> **RECORDS SUPPLIED**:
· · · ·

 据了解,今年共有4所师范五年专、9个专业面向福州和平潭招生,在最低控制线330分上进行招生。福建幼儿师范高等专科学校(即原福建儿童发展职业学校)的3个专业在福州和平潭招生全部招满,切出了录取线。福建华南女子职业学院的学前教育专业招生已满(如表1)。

· · · ·

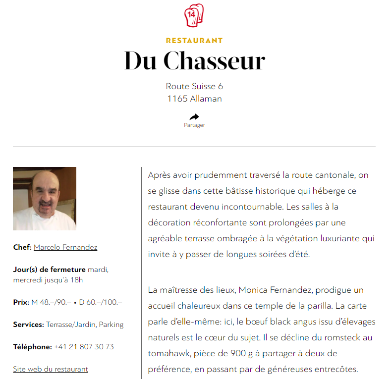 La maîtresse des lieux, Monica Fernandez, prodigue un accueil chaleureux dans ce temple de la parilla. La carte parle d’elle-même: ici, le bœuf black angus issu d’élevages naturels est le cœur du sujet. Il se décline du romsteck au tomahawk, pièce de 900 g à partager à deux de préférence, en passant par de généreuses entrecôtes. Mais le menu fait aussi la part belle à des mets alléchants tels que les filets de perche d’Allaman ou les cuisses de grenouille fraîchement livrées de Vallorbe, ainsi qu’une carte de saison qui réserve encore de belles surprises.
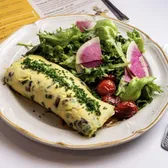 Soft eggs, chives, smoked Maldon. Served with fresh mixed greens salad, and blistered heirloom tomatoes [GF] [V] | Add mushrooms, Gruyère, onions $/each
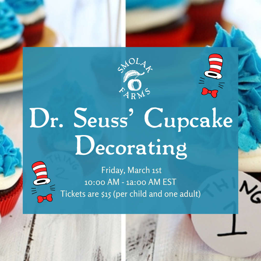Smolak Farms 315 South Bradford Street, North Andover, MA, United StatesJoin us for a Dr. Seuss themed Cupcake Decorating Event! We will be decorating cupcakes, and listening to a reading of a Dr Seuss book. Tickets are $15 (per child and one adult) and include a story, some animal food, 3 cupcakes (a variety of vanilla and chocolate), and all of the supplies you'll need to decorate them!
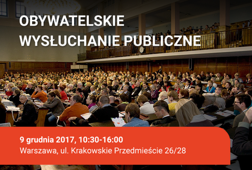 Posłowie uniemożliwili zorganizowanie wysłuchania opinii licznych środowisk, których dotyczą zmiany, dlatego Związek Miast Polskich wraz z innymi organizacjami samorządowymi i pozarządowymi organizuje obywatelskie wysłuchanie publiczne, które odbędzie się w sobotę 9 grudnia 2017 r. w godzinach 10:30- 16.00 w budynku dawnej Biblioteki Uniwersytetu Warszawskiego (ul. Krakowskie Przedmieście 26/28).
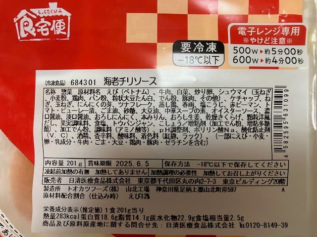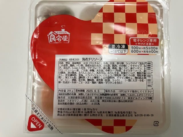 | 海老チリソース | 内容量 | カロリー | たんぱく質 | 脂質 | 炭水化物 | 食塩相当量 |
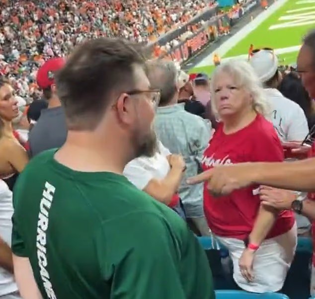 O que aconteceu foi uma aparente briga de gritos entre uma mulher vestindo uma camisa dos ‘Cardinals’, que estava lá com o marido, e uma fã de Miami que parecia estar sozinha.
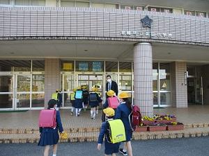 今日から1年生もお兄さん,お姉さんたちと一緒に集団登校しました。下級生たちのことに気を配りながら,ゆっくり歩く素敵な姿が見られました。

· · · ·

> **YOUR GOAL**: Using the entries above, repeat exactly the lines from the one with "Smolak Farms 315" to the one with "O que aconteceu", both included, and leave the pictures behind.

> **RESPONSE AREA**:
Smolak Farms 315 South Bradford Street, North Andover, MA, United StatesJoin us for a Dr. Seuss themed Cupcake Decorating Event! We will be decorating cupcakes, and listening to a reading of a Dr Seuss book. Tickets are $15 (per child and one adult) and include a story, some animal food, 3 cupcakes (a variety of vanilla and chocolate), and all of the supplies you'll need to decorate them!
 Posłowie uniemożliwili zorganizowanie wysłuchania opinii licznych środowisk, których dotyczą zmiany, dlatego Związek Miast Polskich wraz z innymi organizacjami samorządowymi i pozarządowymi organizuje obywatelskie wysłuchanie publiczne, które odbędzie się w sobotę 9 grudnia 2017 r. w godzinach 10:30- 16.00 w budynku dawnej Biblioteki Uniwersytetu Warszawskiego (ul. Krakowskie Przedmieście 26/28).
 | 海老チリソース | 内容量 | カロリー | たんぱく質 | 脂質 | 炭水化物 | 食塩相当量 |
 O que aconteceu foi uma aparente briga de gritos entre uma mulher vestindo uma camisa dos ‘Cardinals’, que estava lá com o marido, e uma fã de Miami que parecia estar sozinha.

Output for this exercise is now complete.